Alle Termine abgesagt. Und er war der einzige, den sein Sekretär zu ihm schicken sollte.
Der Verletzung wegen? Ob Wenze sich überhaupt versorgen lassen hatte?
Wie auch immer. Sie mussten reden. Worte.
Worte waren nicht Jarels bevorzugte Waffe. Er war noch nie gut im Reden gewesen.
Er war ein Mann der Tat. Und er hätte sich lieber einer Übermacht an Gegnern gestellt als diesem Gespräch.
Mit einem Seufzen klopfte er an.
Von drinnen schien kein Laut zu kommen.

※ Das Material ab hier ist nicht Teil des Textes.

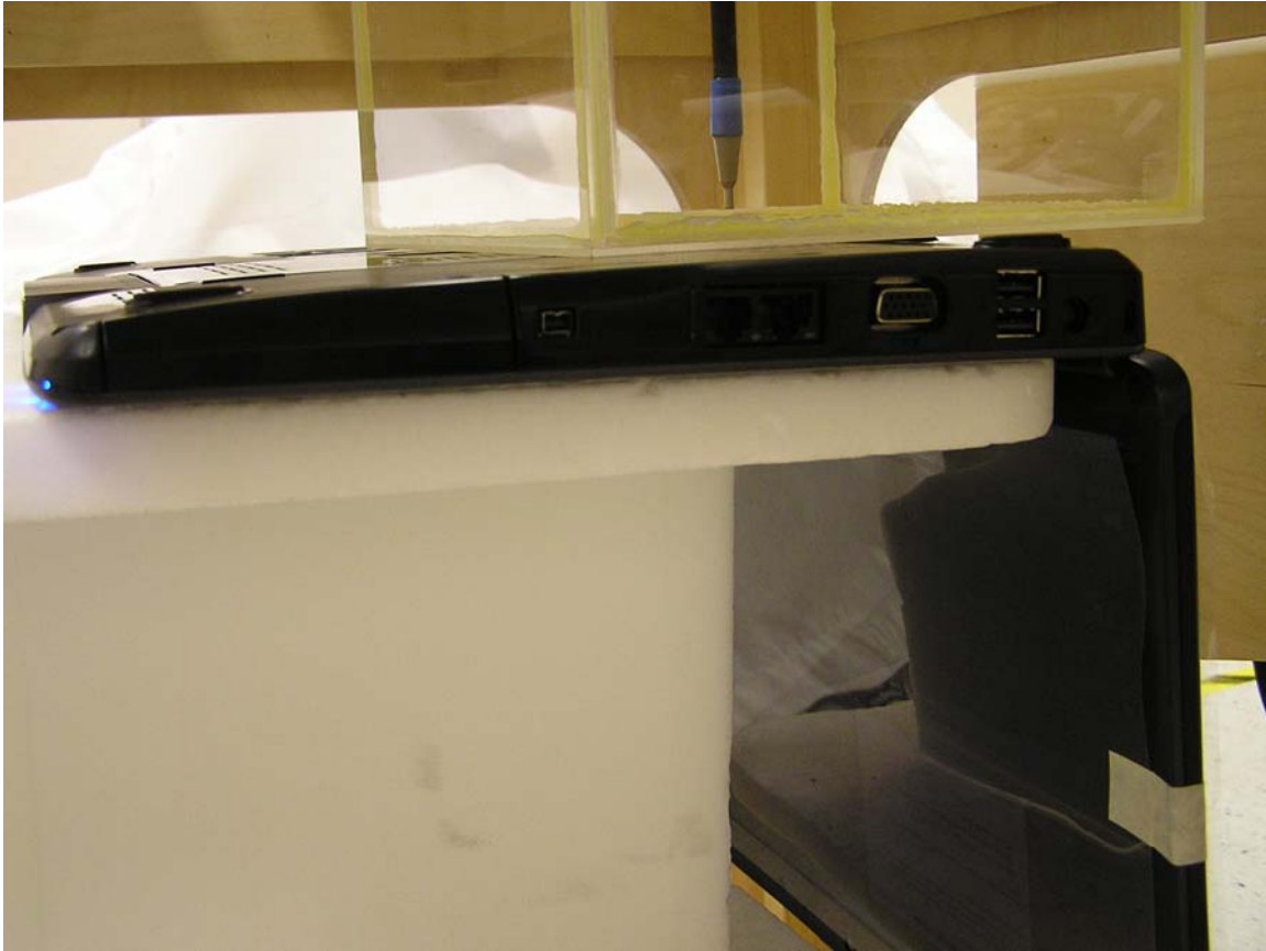
Photo 1. Auxiliary antenna, lap position

Allein für sehr feine Ohren war vielleicht das Knacken des Kamins - im Sommer? - und das leise Ächzen eines bestimmten Möbelstücks zu hören, dessen viel benutzte Ecke einen kleinen Schaden hatte.

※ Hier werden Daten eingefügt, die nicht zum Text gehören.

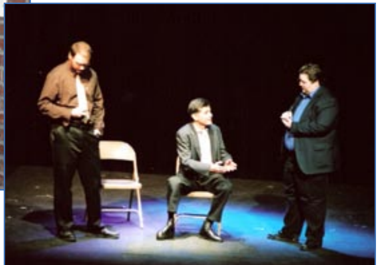
A scene from Interrogations .

Jarels Unsicherheit stieg. Schlief er? Oder hatte ihn die Verletzung ausgehebelt? Ging es ihm gut?
Er klopfte noch einmal an, dieses Mal mit etwas mehr Nachdruck.
"Wenzel?"
Ein rhythmisches Ticken kam dazu, dann erwiderte eben jener mit veränderter Stimme:
"Sieh an - der verlorene Sohn. Was stehst du da draußen rum?"
'Der verlorene Sohn.'
'Sohn.'
War das nur ein Spruch und...war sein Großkomtur betrunken?!
Jarel trat ein, schloss die Tür wieder und wandte sich Wenzel zu. "Du wurdest verletzt...", versuchte er ein Gespräch zu starten.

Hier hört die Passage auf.